Exercise objective:
From the line containing "2025年11月3日至4日,2024—2" down to the line containing "이번에 다룰 작품은 윤동주", copy out the entries below exactly, both lines included, and nothing else; pictures do not belong in the copy.

Source data:
• • •

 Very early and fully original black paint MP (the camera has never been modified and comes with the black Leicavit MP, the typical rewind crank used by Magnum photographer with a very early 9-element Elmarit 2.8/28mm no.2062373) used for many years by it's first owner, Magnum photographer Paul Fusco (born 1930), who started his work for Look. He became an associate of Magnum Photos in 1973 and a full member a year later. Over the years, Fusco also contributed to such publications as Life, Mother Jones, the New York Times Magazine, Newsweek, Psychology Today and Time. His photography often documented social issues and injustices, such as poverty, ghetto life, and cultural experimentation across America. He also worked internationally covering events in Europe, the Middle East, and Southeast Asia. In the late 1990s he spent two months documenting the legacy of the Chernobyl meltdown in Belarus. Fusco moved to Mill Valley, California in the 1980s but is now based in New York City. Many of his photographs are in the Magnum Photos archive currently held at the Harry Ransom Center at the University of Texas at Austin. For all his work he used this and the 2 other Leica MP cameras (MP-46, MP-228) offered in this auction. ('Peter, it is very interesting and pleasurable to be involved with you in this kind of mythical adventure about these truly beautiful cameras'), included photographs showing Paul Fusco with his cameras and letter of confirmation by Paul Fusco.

• • •

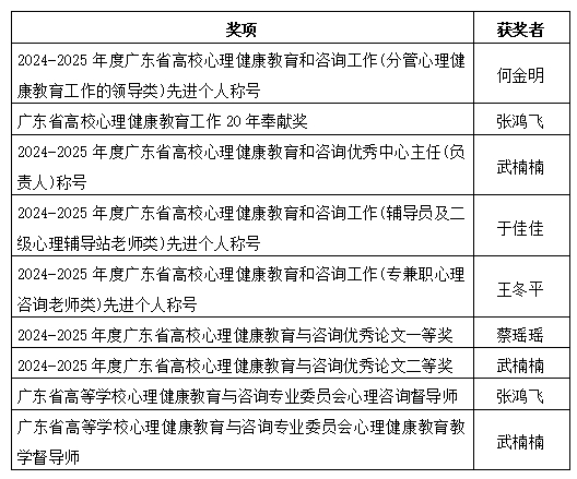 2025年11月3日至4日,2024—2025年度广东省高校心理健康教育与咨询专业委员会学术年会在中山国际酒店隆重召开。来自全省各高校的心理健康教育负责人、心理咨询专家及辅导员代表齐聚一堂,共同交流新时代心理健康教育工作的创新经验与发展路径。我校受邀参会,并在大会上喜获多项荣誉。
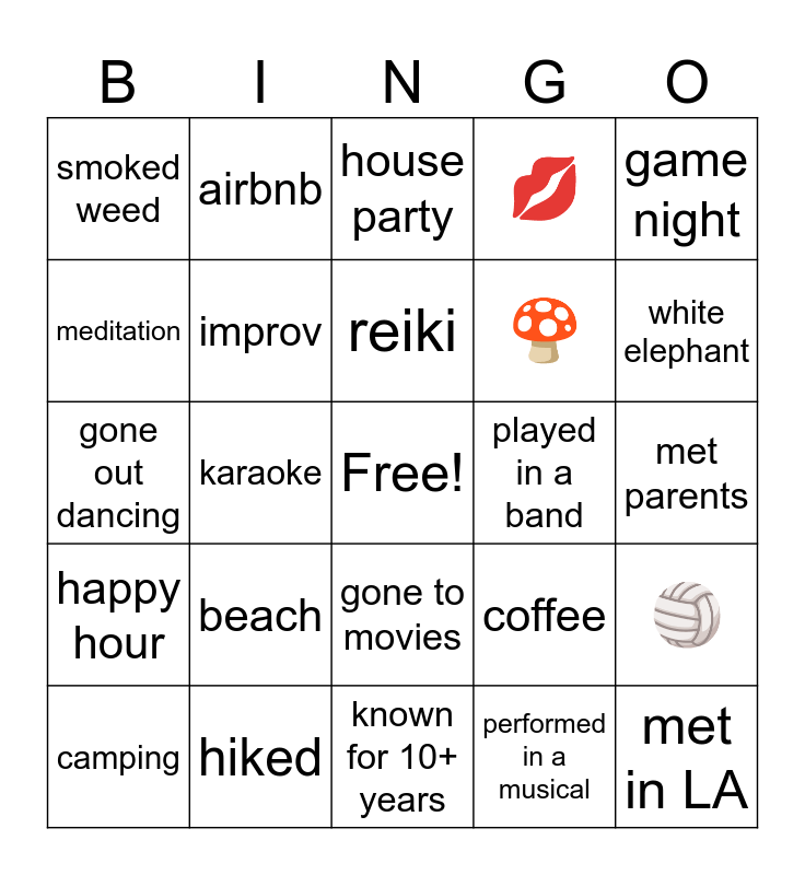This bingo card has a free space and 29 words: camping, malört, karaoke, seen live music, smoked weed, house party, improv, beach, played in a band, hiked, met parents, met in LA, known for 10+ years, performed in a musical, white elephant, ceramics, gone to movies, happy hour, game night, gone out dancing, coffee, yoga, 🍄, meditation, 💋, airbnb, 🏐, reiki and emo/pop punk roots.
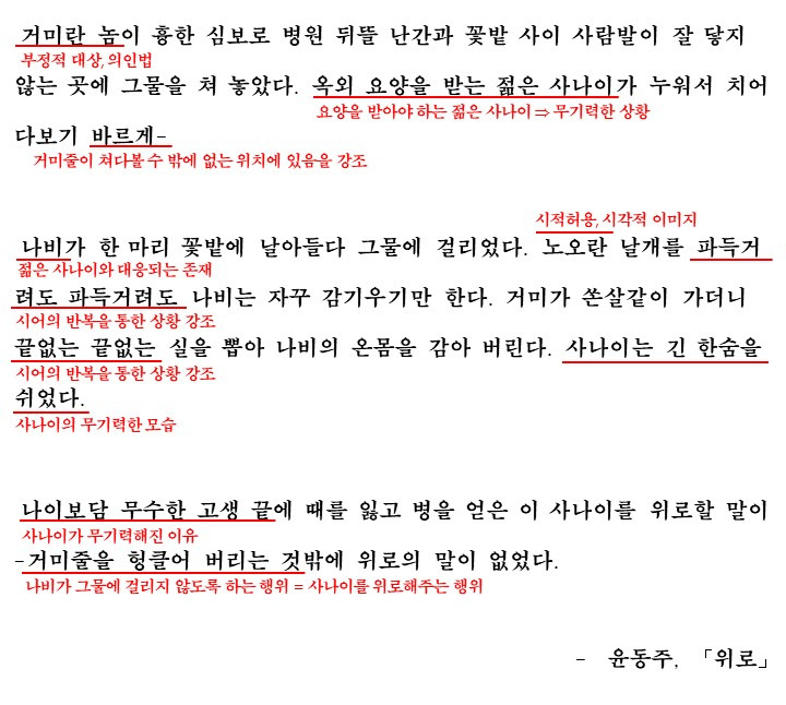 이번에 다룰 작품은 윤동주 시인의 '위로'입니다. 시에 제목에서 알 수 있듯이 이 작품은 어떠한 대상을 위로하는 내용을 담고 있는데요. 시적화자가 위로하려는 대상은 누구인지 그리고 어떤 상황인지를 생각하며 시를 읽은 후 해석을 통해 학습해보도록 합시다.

• • •

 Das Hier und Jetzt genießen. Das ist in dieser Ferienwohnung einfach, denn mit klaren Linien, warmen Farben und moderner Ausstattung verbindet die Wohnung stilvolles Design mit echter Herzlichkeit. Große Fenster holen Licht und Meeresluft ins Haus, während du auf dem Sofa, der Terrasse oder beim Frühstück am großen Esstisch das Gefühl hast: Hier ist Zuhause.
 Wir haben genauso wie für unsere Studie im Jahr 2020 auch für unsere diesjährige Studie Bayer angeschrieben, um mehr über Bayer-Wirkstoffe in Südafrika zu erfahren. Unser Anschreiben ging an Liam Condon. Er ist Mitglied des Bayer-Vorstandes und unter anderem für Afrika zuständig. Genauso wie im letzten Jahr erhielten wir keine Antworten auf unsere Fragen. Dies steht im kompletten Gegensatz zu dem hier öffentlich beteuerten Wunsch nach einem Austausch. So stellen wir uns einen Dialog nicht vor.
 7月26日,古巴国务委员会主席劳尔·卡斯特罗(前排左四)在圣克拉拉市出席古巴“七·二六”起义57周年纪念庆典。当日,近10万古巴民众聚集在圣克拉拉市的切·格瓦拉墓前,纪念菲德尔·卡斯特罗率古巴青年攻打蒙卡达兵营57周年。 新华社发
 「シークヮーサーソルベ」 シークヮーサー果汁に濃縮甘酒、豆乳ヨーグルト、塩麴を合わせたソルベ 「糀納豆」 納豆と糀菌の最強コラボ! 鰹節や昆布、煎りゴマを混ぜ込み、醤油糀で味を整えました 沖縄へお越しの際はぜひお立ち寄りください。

• • •

Answer space:
 2025年11月3日至4日,2024—2025年度广东省高校心理健康教育与咨询专业委员会学术年会在中山国际酒店隆重召开。来自全省各高校的心理健康教育负责人、心理咨询专家及辅导员代表齐聚一堂,共同交流新时代心理健康教育工作的创新经验与发展路径。我校受邀参会,并在大会上喜获多项荣誉。
This bingo card has a free space and 29 words: camping, malört, karaoke, seen live music, smoked weed, house party, improv, beach, played in a band, hiked, met parents, met in LA, known for 10+ years, performed in a musical, white elephant, ceramics, gone to movies, happy hour, game night, gone out dancing, coffee, yoga, 🍄, meditation, 💋, airbnb, 🏐, reiki and emo/pop punk roots.
 이번에 다룰 작품은 윤동주 시인의 '위로'입니다. 시에 제목에서 알 수 있듯이 이 작품은 어떠한 대상을 위로하는 내용을 담고 있는데요. 시적화자가 위로하려는 대상은 누구인지 그리고 어떤 상황인지를 생각하며 시를 읽은 후 해석을 통해 학습해보도록 합시다.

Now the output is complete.